B. C. Martinson et al., Nature (2005)

B. C. Martinson, M. S. Anderson and R. de Vries, Scientists behaving badly, Nature 435, 737-738 (2005)

科学者の不正行為についての調査報告です。

アメリカの National Institutes of Health (NIH:国立衛生研究所) に所属する研究者を対象に、不正行為に関するアンケート調査が行われました。
この調査の結果、なんと回答者の3人に1人は「重大な不正行為」を行ったことがあるという驚くべき報告がなされています。

過去の調査(e.g. 2002年)ではわずか数%の不正行為率であったのに対し、今回の結果がそれを大きく上回ったのにはある理由があります。
これまでは2000年に US Office of Science and Technology Policy (OSTP:科学技術政策局) による不正行為の定義「fabrication, falsification, or plagiarism(捏造・偽造・盗用)」に則った調査しか行われてこなかったため、極端に悪質な不正行為しか見ていなかったのです。
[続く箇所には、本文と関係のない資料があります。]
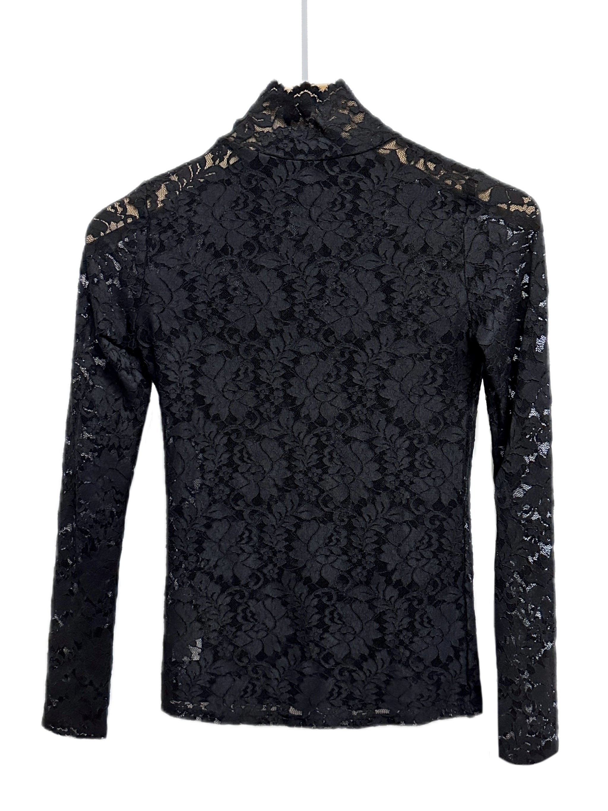 Sexy Lace Mock Neck Long Sleeve Slim Fit Top - Flattering, Breathable, and Comfortable for Spring and Fall - Women's Stylish Clothing for Everyday Wear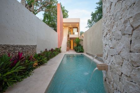 Esta residencia completamente restaurada y remodelada, ubicada entre el Barrio de La Ermita y el de Santiago, es una cautivadora fusión de historia y modernidad en el corazón del centro de Mérida.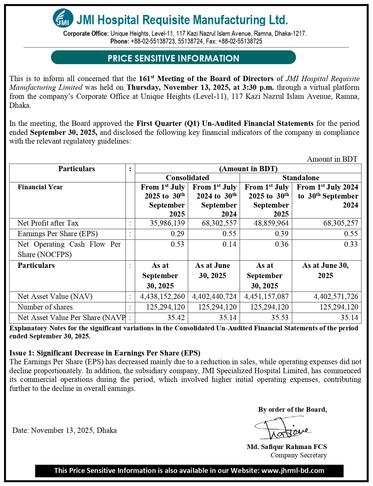 Homeপ্রাইস সেনসিটিভ ইনফরমেশন1st Quarter Un-Audited Financial Statements of JMI Hospital Requisite Manufacturing Ltd.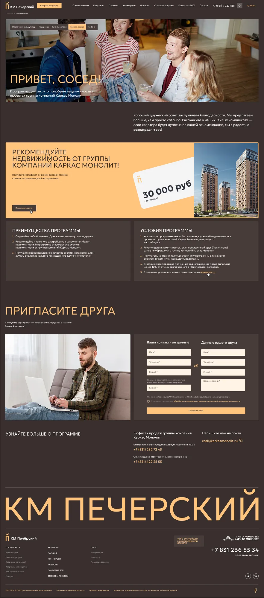 Главная страница рассказывает о преимуществах проекта, дает представление об архитектуре, инфраструктуре и отделке квартир, позволяет подобрать квартиру и машиноместо, а также получить консультацию менеджера.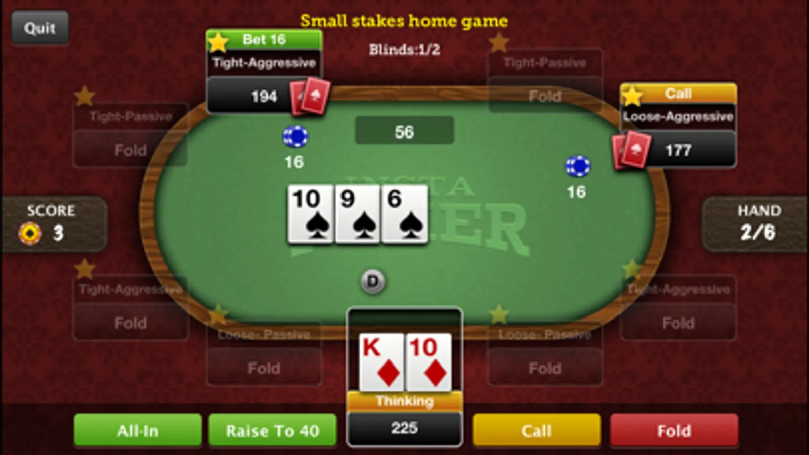 Win and score by making quality decisions, not by winning chips.

一方今回の調査では、10大不正行為+その他の6つの不正行為が挙げられています。

10大不正行為:
 1. データの偽造や加工
 2. human-subject requirements の major な側面の無視
 3. 適切な引用の非公開
 4. 学生や研究テーマ、研究依頼者との不適切な関係
 5. 無許可あるいは著作権非表示での他人のアイデアの使用
 6. 機密情報の無許可での使用
 7. 自分の過去の研究と矛盾するデータの非表示
 8. human-subject requirements の minor な側面のやり過ごし
 9. 他人のデータの不備や不適切な説明の見過ごし
 10. 出資者の圧力による研究計画・方法・結果の変更

その他の不正行為:
 11. 複数の雑誌への同じデータや結果の提示
 12. 不適切な著者表示
 13. 研究方法・結果の詳細の非表示
 14. 不十分あるいは不適切な研究計画の使用
 15. 直感によるエラーデータ点の間引き
 16. 不十分な研究記録

human-subject requirements というのがよく分からなかったのです、研究よりも人間の健康や命を尊重する、という決まりごとのことでしょうか。
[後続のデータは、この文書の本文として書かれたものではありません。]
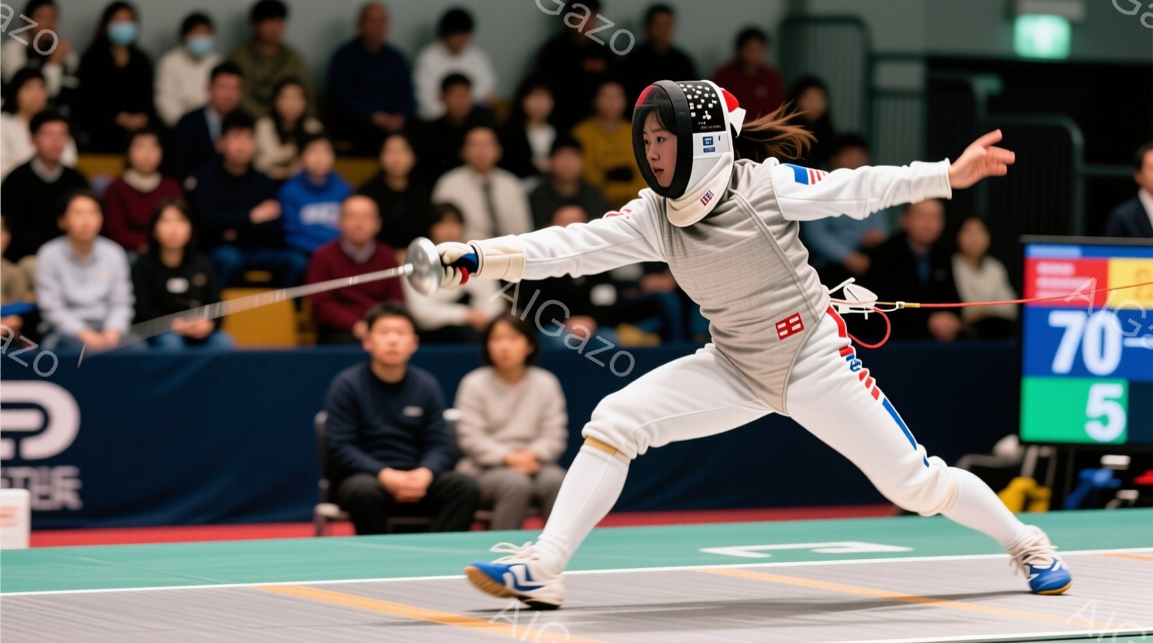 この無料AI生成画像「フェンシングの競技者が試合中に動き出している様子が写っている。競技者は白いフェンシングスーツとヘルメットを着用し、髪をポニーテールにしている。背景には観客席が見え、床は緑色のフェンシングコートで、競技は屋内で行われていることがわかる。」は、2025年10月22日に作成されました。 サイズは 1664×928px の高解像度で、商用利用も可能なフリー素材として提供しています。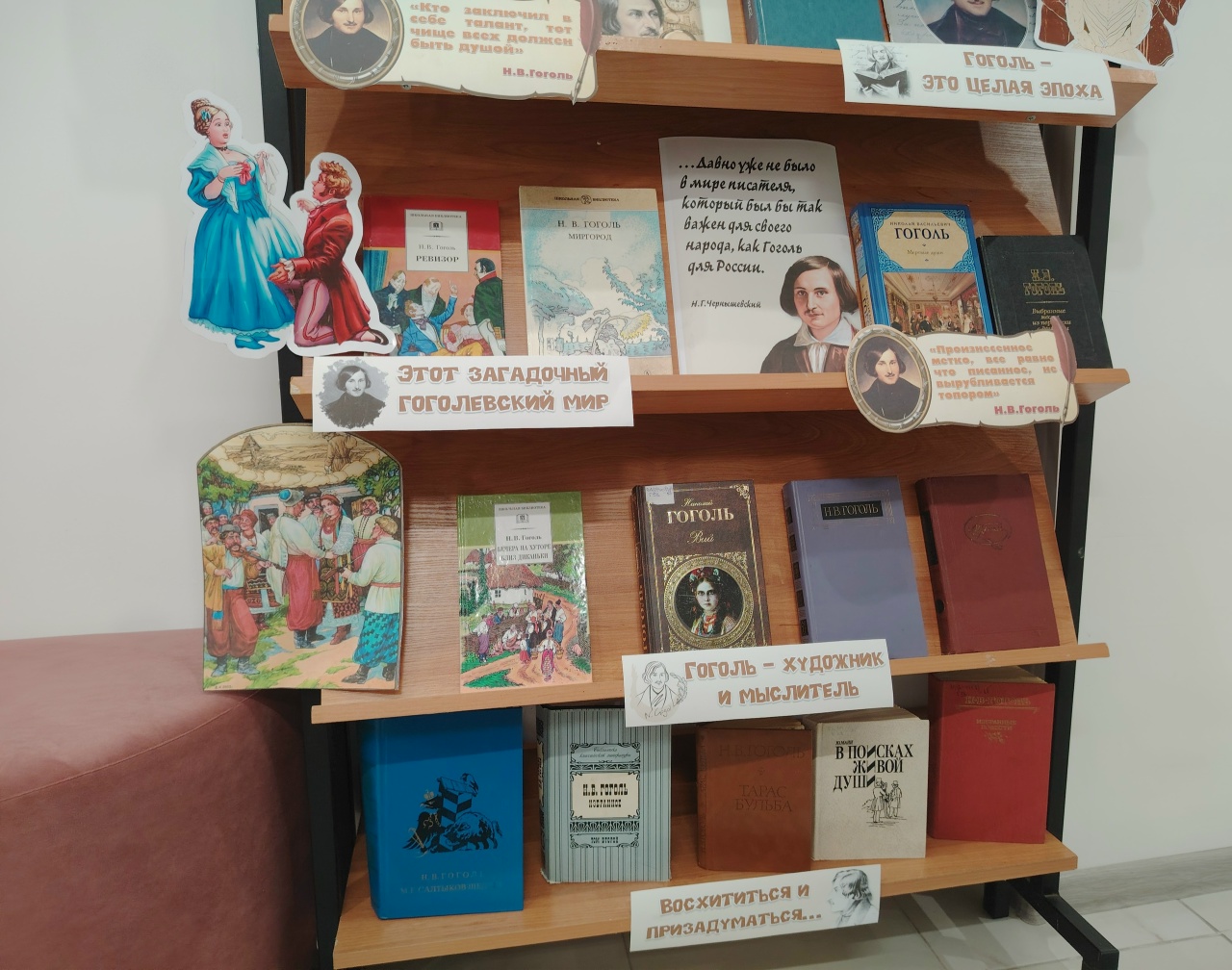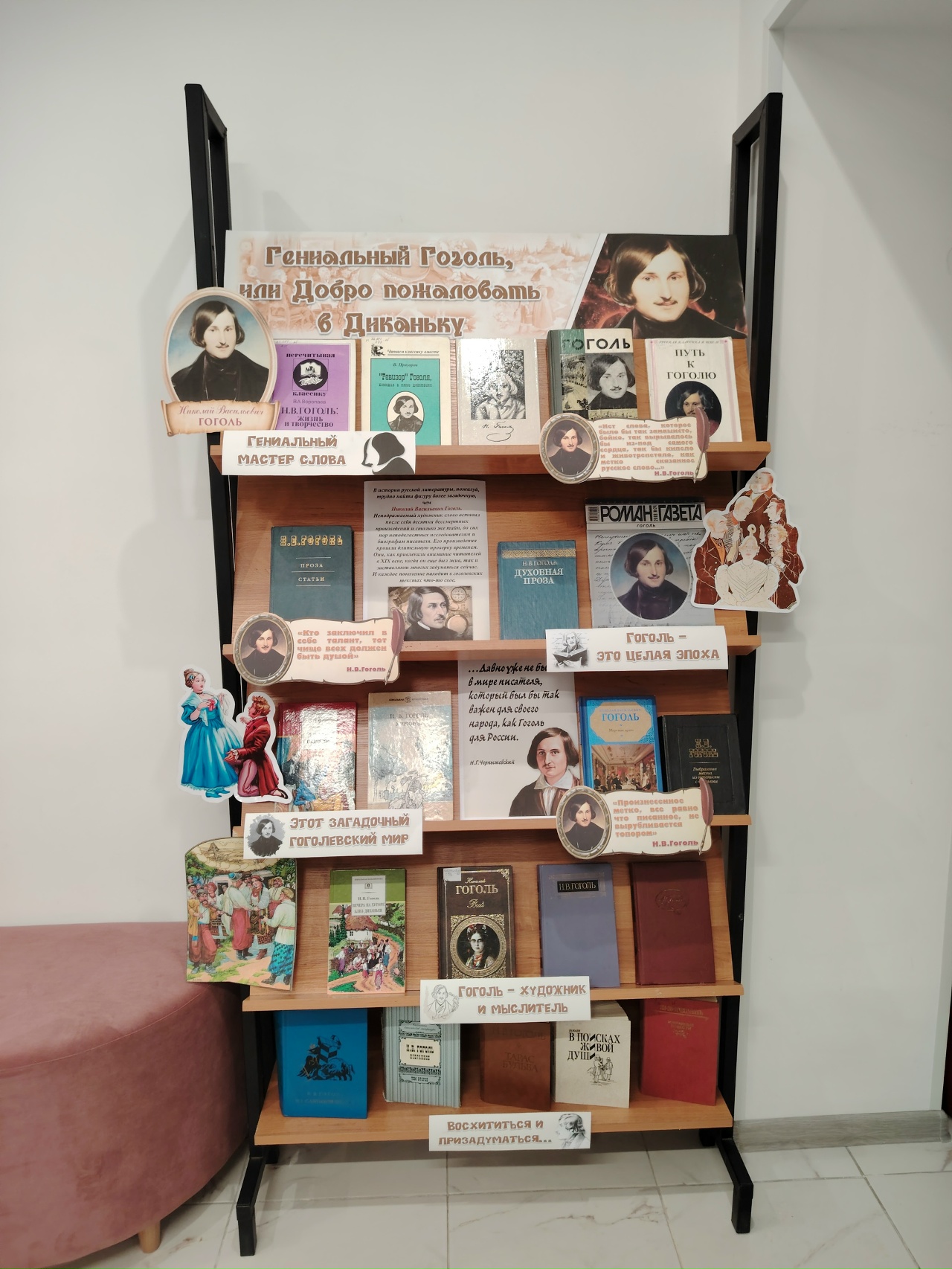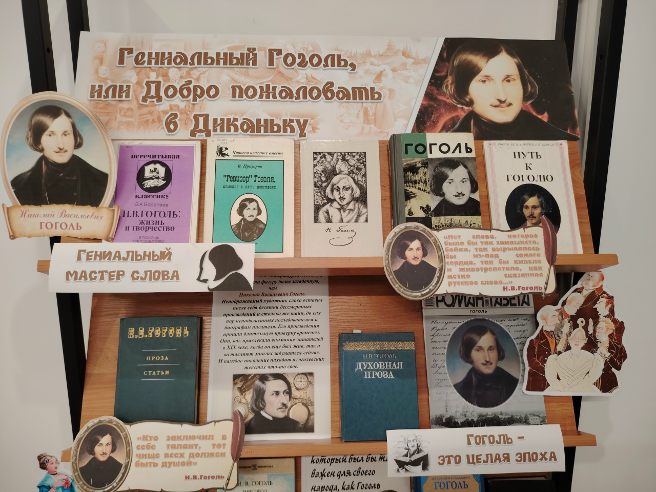В модельной центральной библиотеки оформлена книжная выставка-портрет «Гениальный Гоголь или Добро пожаловать в Диканьку». На экспозиции представлены книги о жизни и деятельности замечательного русского писателя, воспоминания самого автора и его современников, литературная критика, а также наиболее известные произведения Н.В. Гоголя: «Мертвые души», «Вечера на хуторе близ Диканьки», «Вий», «Тарас Бульба», «Миргород», «Ревизор» и многие другие.

さて調査結果によると、捏造・偽造・盗用の割合は過去の調査と同程度(数%)であったのに対し、その他の不正行為に関しては5%〜10%という非常に高い割合を示しており、全体で33%の研究者が10大不正行為のうちの最低一つに抵触したということです。

また若手研究者と中堅研究者での結果比較も行っており、中堅研究者の方が有意に不正行為率が高い結果が出ています。
その解釈についてはいくつか述べられていますが、何とも言えないのでここでは割愛します。
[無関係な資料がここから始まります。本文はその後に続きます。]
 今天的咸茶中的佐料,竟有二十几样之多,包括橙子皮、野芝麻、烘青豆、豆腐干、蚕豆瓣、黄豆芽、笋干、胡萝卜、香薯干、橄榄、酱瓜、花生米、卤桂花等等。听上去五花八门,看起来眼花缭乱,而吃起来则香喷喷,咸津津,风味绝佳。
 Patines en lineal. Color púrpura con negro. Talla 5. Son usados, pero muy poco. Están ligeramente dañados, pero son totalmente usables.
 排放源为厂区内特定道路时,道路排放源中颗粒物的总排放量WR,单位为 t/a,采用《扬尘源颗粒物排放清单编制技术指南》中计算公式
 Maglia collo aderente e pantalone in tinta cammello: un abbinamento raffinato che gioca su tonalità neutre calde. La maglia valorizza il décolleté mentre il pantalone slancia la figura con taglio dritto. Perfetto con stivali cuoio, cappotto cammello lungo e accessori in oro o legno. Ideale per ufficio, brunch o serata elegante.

今回の結果を受けて、研究者の不正行為はごく一部の特殊な例ではなく研究者集団全体が抱える一般的な問題である、と結論づけています。
そして、こうした不正行為の原因は現在の研究者の置かれている環境にあり、その環境を改善しなければ根本的な解決は見込めない、と主張しています。

今回の調査結果は、非常にショッキングな報告内容ではありましたが、研究者の環境改善へ向けての大きな誘い水となってくれると嬉しいです。